Below, we can tell the parser to skip content we don't want. In this case, the references section will just add noise to a RAG system.

In [None]:
from llama_cloud_services import LlamaParse
from sympy import O

parser = LlamaParse(
    parse_mode="parse_page_with_agent",
    model="openai-gpt-4-1-mini",
    high_res_ocr=True,
    adaptive_long_table=True,
    outlined_table_extraction=True,
    output_tables_as_HTML=True,
)

In [None]:
result = await parser.aparse("paper.pdf")
documents = result.get_markdown_documents(split_by_page=False)

Started parsing the file under job_id cd1958b0-b260-4a63-aa74-bf829a0c125f
..

In [None]:
from llama_index.core.node_parser import SentenceSplitter

# Chain splitters to ensure chunk size requirements are met
nodes = SentenceSplitter(chunk_size=2048, chunk_overlap=256).get_nodes_from_documents(
    documents
)

## Chat over the paper, lets find out what it is about!

In [None]:
from llama_index.core import VectorStoreIndex, SummaryIndex

vector_index = VectorStoreIndex(nodes=nodes)
summary_index = SummaryIndex(nodes=nodes)

In [None]:
from llama_index.core.agent import FunctionAgent
from llama_index.core.tools import QueryEngineTool

tools = [
    QueryEngineTool.from_defaults(
        vector_index.as_query_engine(
            similarity_top_k=4,
        ),
        name="query",
        description="Send a query that requires only a subset of the top-k documents to be considered",
    ),
    QueryEngineTool.from_defaults(
        summary_index.as_query_engine(),
        name="query_all_docs",
        description="Send a query that requires all documents to be considered",
    ),
]

agent = FunctionAgent(
    tools=tools,
    llm=Settings.llm,
    system_prompt="You are a helpful assistant that can answer questions about the paper.",
)

In [None]:
from llama_index.core.workflow import Context

# Context to persist the agent session
ctx = Context(agent)

In [None]:
from llama_index.core.agent import ToolCall, ToolCallResult

handler = agent.run(
    "What is the summary of the paper that you have access to?", ctx=ctx
)
async for ev in handler.stream_events():
    if isinstance(ev, ToolCall):
        print(f"Calling tool {ev.tool_name} with args {ev.tool_kwargs}")
    elif isinstance(ev, ToolCallResult):
        print(f"Tool call {ev.tool_name}({ev.tool_kwargs}) returned {ev.tool_output}")

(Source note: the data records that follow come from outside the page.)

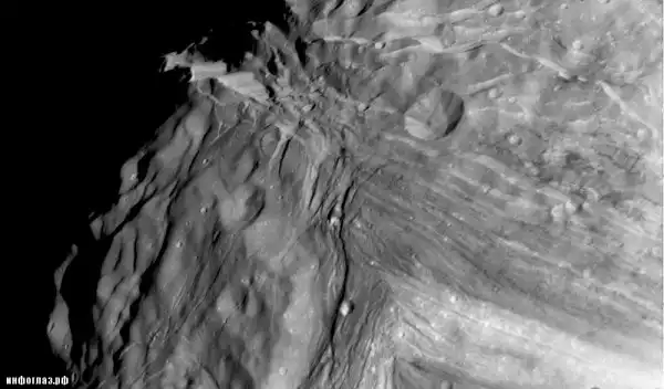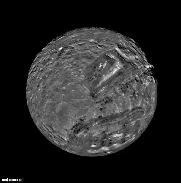 Миранда отличается от любого другого тела в Солнечной системе. Ее поверхность весьма необычна. Миранда , как полагают, состоит наполовину из водяного льда и наполовину из скального материала . Температура этого ледяного мира в среднем -335 F ( -187 ° C). Астрономы ожидали увидеть отсутствие какой либо геологической активности на поверхности, также как на Каллисто.
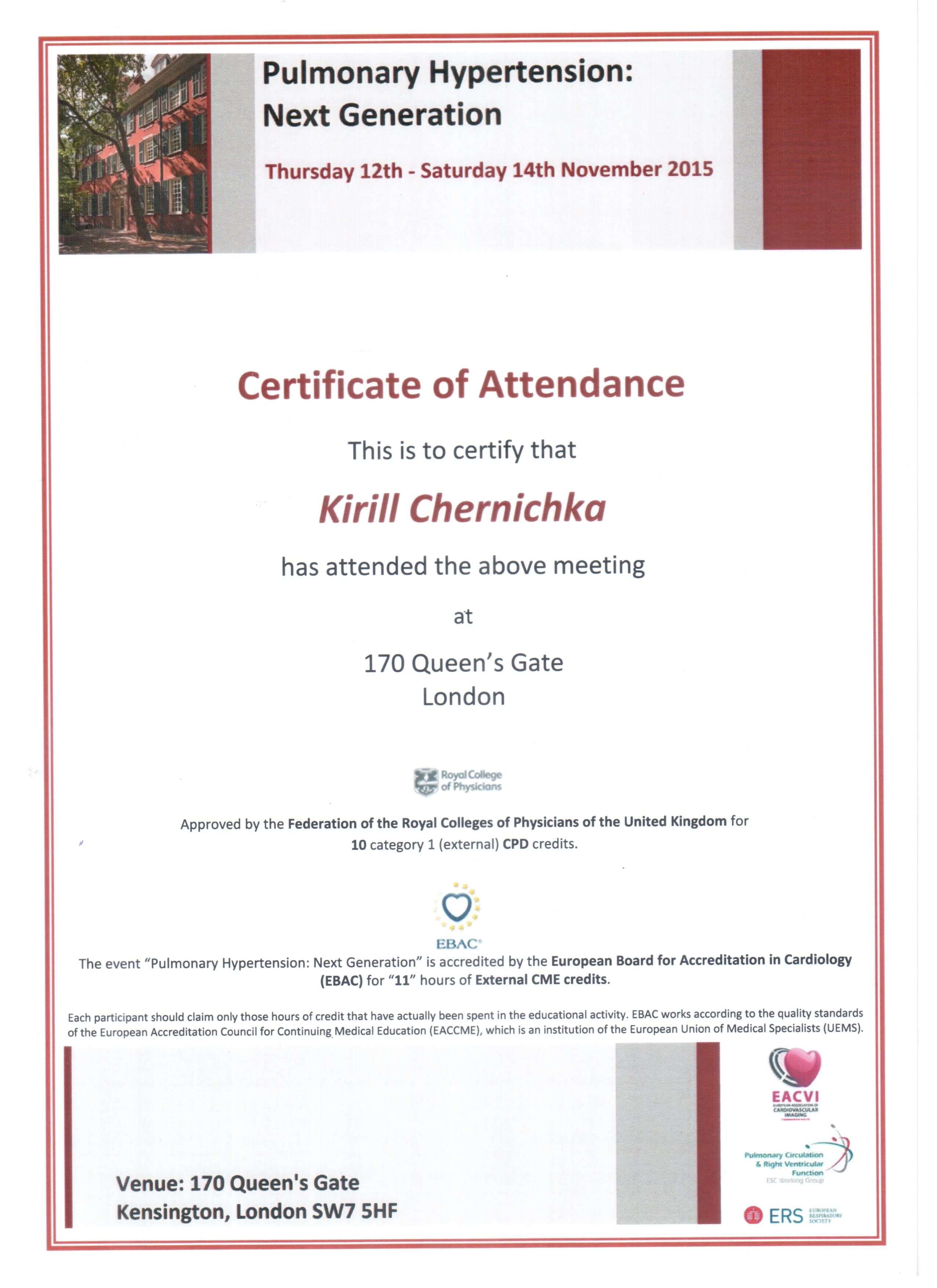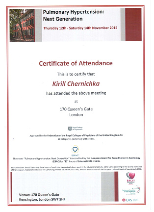 • 2015г- Школа «Легочная гипертензия: новое поколение», г. Лондон, Великобритания.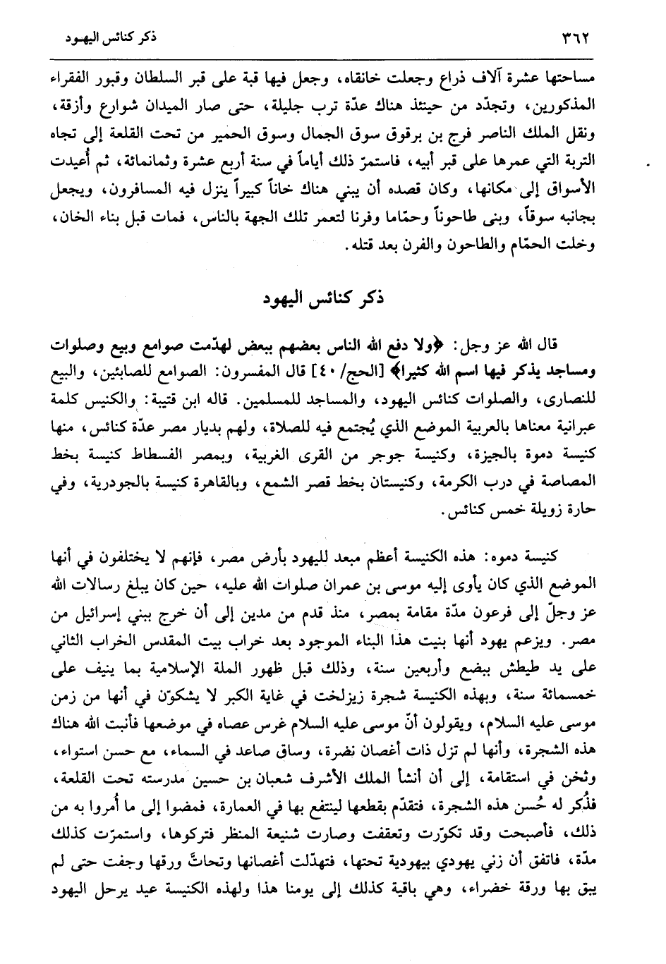 [الحج/ 40] قال المفسرون: الصوامع للصابئين، والبيع للنصارى، والصلوات كنائس اليهود، والمساجد للمسلمين. قاله ابن قتيبة: والكنيس كلمة عبرانية معناها بالعربية الموضع الذي يجتمع فيه للصلاة، ولهم بديار مصر عدة كنائس، منها كنيسة دموة بالجيزة، وكنيسة جوجر من القرى الغربية، وبمصر الفسطاط كنيسة بخط المصاصة في درب الكرمة، وكنيستان بخط قصر الشمع، وبالقاهرة كنيسة بالجودرية، وفي حارة زويلة خمس كنائس.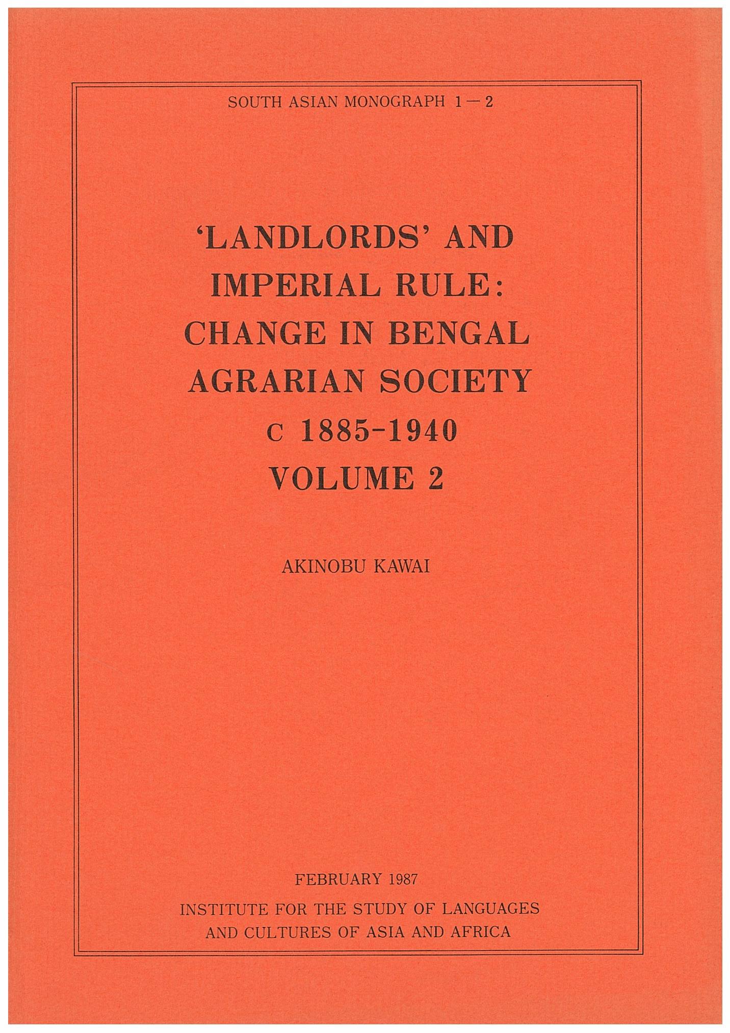‘Landlords’and Imperial Rule: Change in Bengal Agrarian Society c1885–1940 vol.2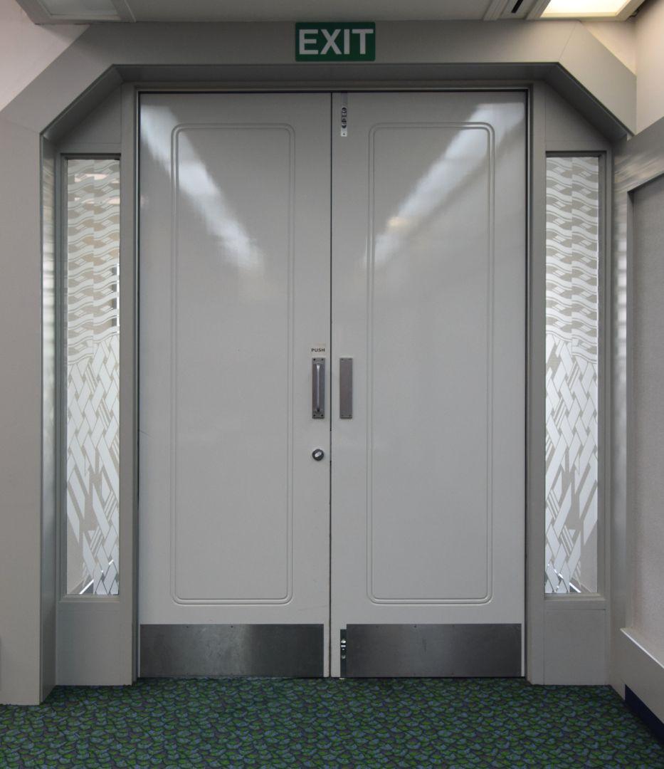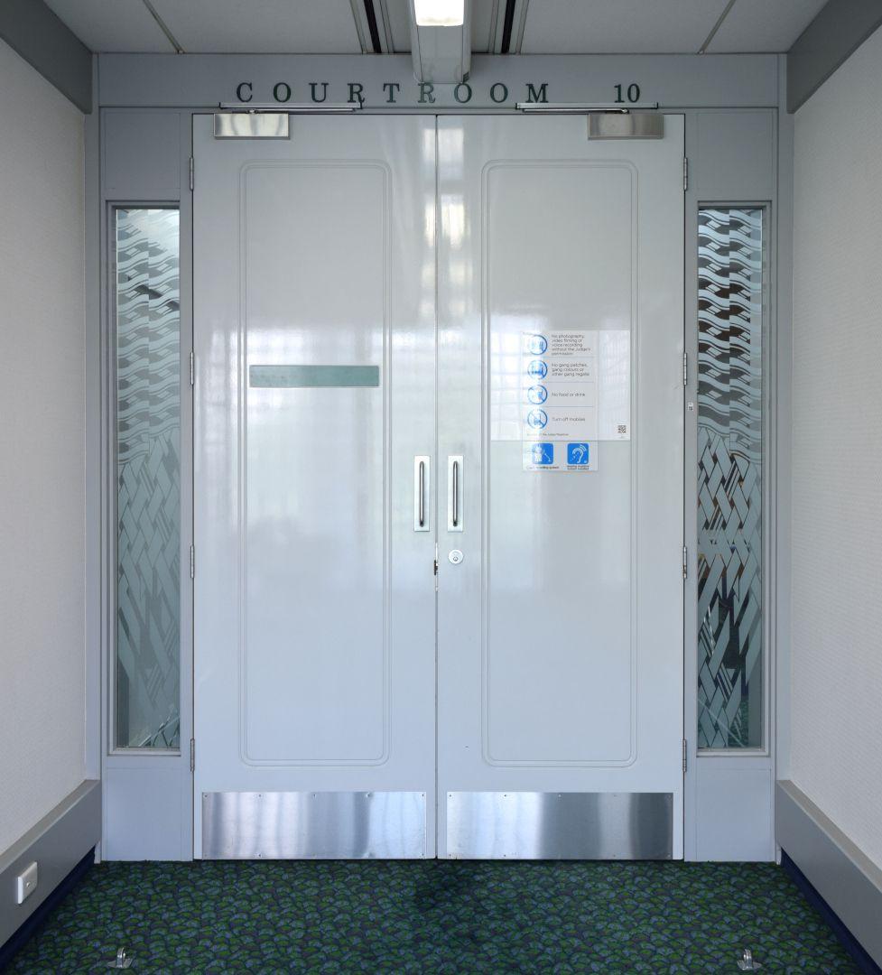 Eli Christiansen, ‘Sandblasted Panels’, Entrances to Courtrooms 8, 9, 10 and exit [showing exit], High Court, Te Whanganui-a-Tara Wellington. Images: Bronwyn Holloway-Smith, Public Art Heritage Aotearoa New Zealand, 2024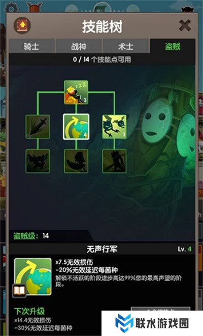 6. 每个加点选择都有其优势。如果你喜欢骑士或战神,建议先把盗贼的无声行军技能点满,这样可以让你更快速地发展,并轻松到达更高楼层。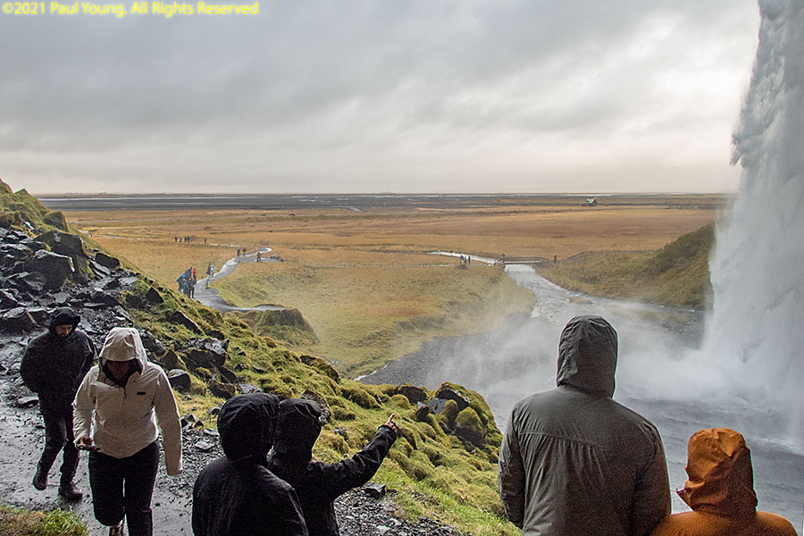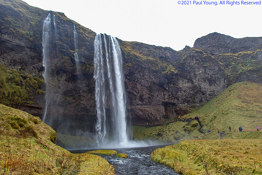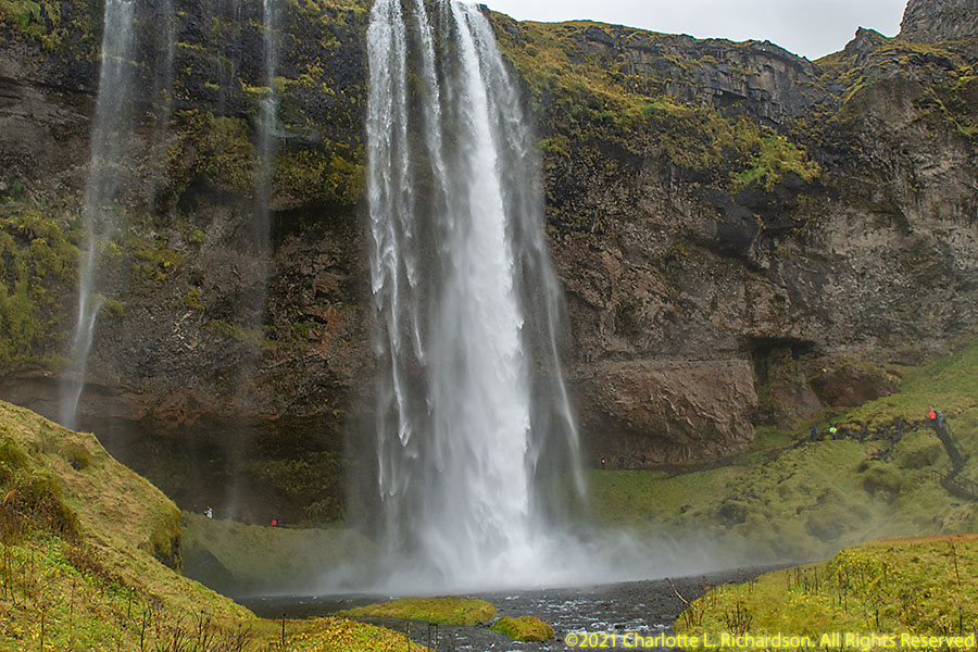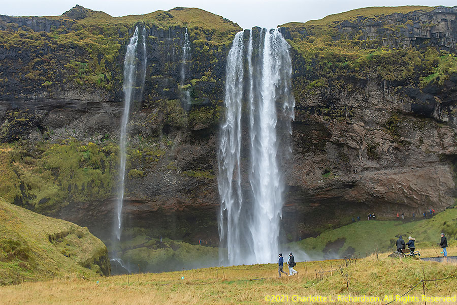 This 60m high waterfall of the Seljalands River originates on the lower escarpments of Eyjafjallajokull Volcano glacier. It is possible to walk behind the waterfall.

print("\n================\n")

resp = await handler
print(resp)

Calling tool query_all_docs with args {'input': 'Provide the summary of the paper (concise abstract-like summary).'}
Tool call query_all_docs({'input': 'Provide the summary of the paper (concise abstract-like summary).'}) returned This paper presents a practical recipe and empirical analysis for building high-performing multimodal large language models (MLLMs). Through systematic ablations of image encoders, vision–language connectors, and pre-training data mixtures, the work identifies key design lessons: image resolution and the number of image tokens drive the largest gains, followed by encoder capacity and pre-training data; architectural choices for the vision–language connector matter far less. Data-wise, a careful mixture of captioned images, interleaved image–text documents, and some text-only data is critical — caption data boosts zero-shot captioning, interleaved documents enable strong few-shot and text performance, and text-only data preserves language capabilities. The aut

In [None]:
handler = agent.run("How do the authors evaluate their work?", ctx=ctx)
async for ev in handler.stream_events():
    if isinstance(ev, ToolCall):
        print(f"Calling tool {ev.tool_name} with args {ev.tool_kwargs}")
    elif isinstance(ev, ToolCallResult):
        print(f"Tool call {ev.tool_name}({ev.tool_kwargs}) returned {ev.tool_output}")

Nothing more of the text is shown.